» **Work task**: Please write out the listing exactly, leaving each picture out.

» **Data block**:
- Opening Delimiter -

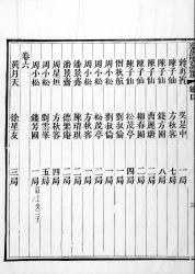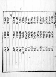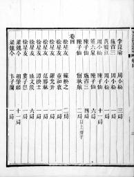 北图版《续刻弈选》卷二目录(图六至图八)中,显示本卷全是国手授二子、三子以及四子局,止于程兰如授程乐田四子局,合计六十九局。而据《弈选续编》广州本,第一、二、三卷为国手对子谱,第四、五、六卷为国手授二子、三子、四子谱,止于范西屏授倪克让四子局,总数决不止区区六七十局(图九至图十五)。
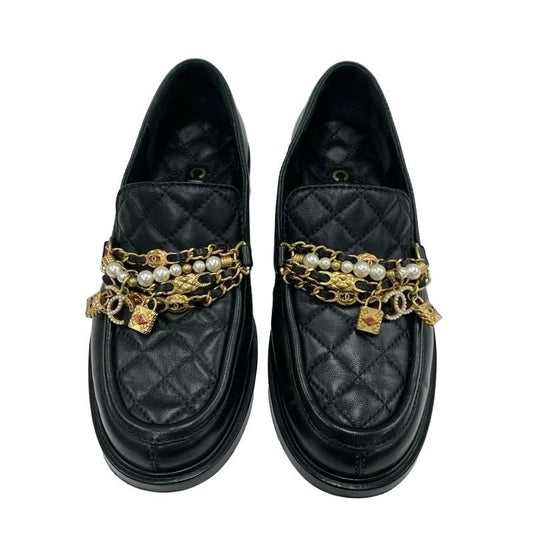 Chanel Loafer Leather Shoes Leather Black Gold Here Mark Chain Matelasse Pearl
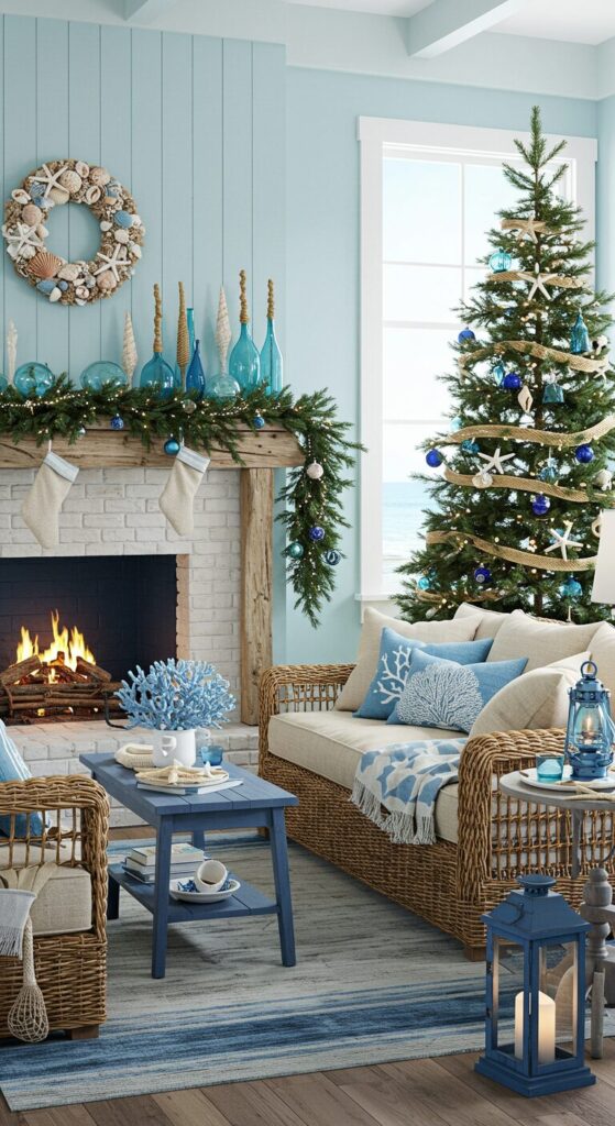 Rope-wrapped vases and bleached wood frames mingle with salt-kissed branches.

- Closing Delimiter -

» **Finished exercise**:
 北图版《续刻弈选》卷二目录(图六至图八)中,显示本卷全是国手授二子、三子以及四子局,止于程兰如授程乐田四子局,合计六十九局。而据《弈选续编》广州本,第一、二、三卷为国手对子谱,第四、五、六卷为国手授二子、三子、四子谱,止于范西屏授倪克让四子局,总数决不止区区六七十局(图九至图十五)。
 Chanel Loafer Leather Shoes Leather Black Gold Here Mark Chain Matelasse Pearl
 Rope-wrapped vases and bleached wood frames mingle with salt-kissed branches.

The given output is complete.